**What the exercise asks**
A word-for-word copy of the data, with no images, is the required answer.

**Provided data**

_ _ _ _

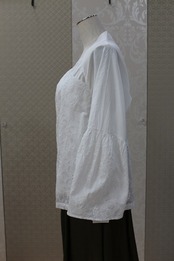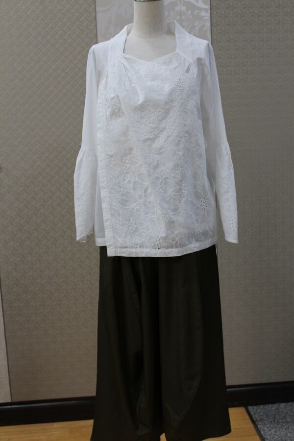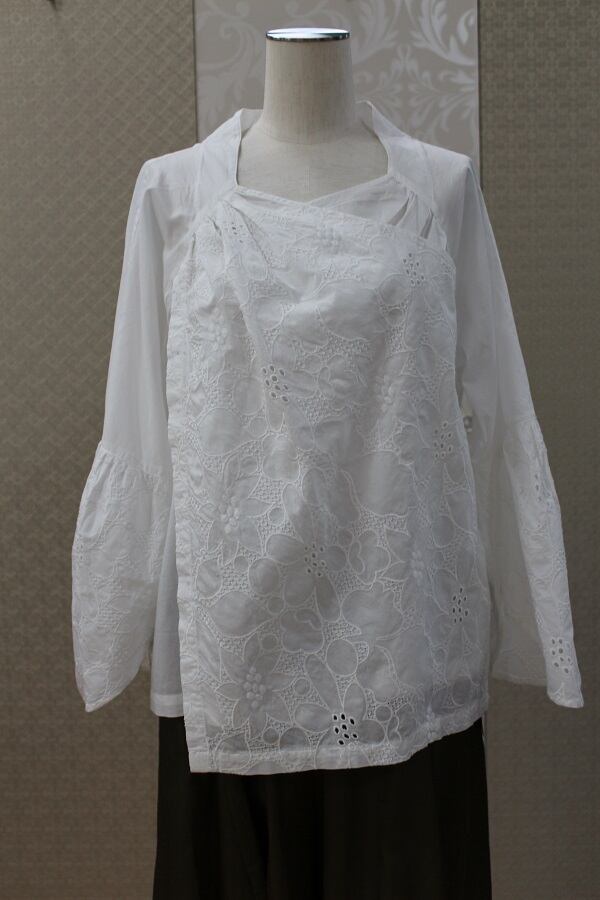 綿ローンの生地ボタニカルなフラワー刺繡を施したブラウス。
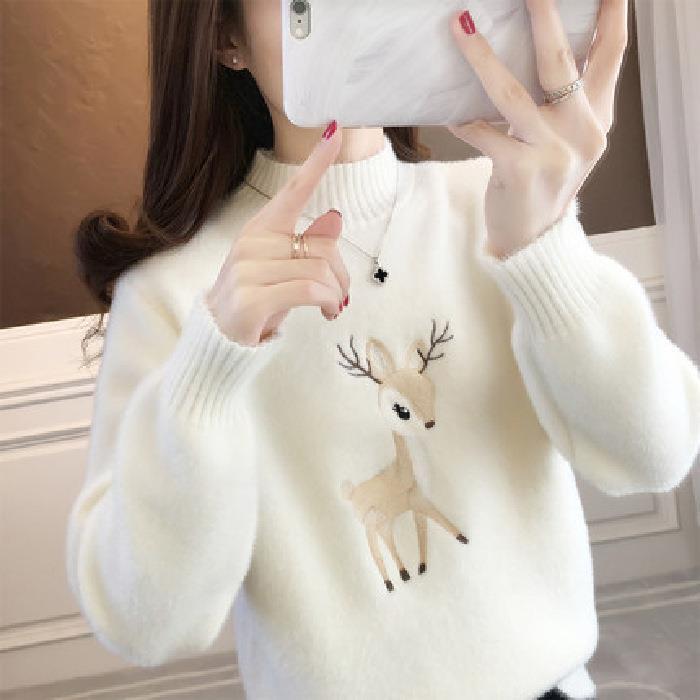 Свитер с высоким воротником и рисунком оленей, милый осенне-зимний свитер с длинным рукавом, женская одежда — купить товар онлайн с бесплатной доставкой по всему миру!
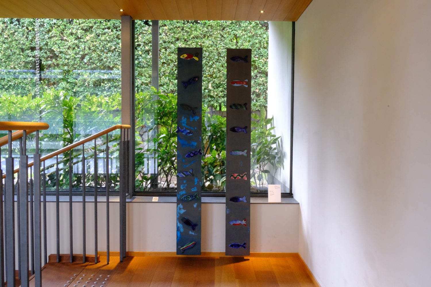 ![]() 在下B1F途中的舞場裡,可以用可愛的魚的瓷磚作品《想玩的魚》來迎接我們。 |
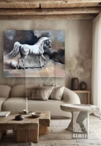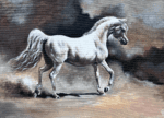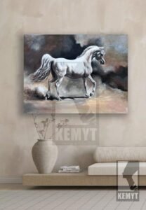 This painting presents a striking image of a white Arabian horse, captured in motion across a sandy landscape. The horse, with its flowing mane and tail, is depicted with elegant lines and a sense of powerful grace. The artist has used a palette of soft browns, creams, and whites to convey the horse’s pristine coat and the surrounding desert environment.

_ _ _ _

**Solution below**
 綿ローンの生地ボタニカルなフラワー刺繡を施したブラウス。
 Свитер с высоким воротником и рисунком оленей, милый осенне-зимний свитер с длинным рукавом, женская одежда — купить товар онлайн с бесплатной доставкой по всему миру!
 ![]() 在下B1F途中的舞場裡,可以用可愛的魚的瓷磚作品《想玩的魚》來迎接我們。 |
 This painting presents a striking image of a white Arabian horse, captured in motion across a sandy landscape. The horse, with its flowing mane and tail, is depicted with elegant lines and a sense of powerful grace. The artist has used a palette of soft browns, creams, and whites to convey the horse’s pristine coat and the surrounding desert environment.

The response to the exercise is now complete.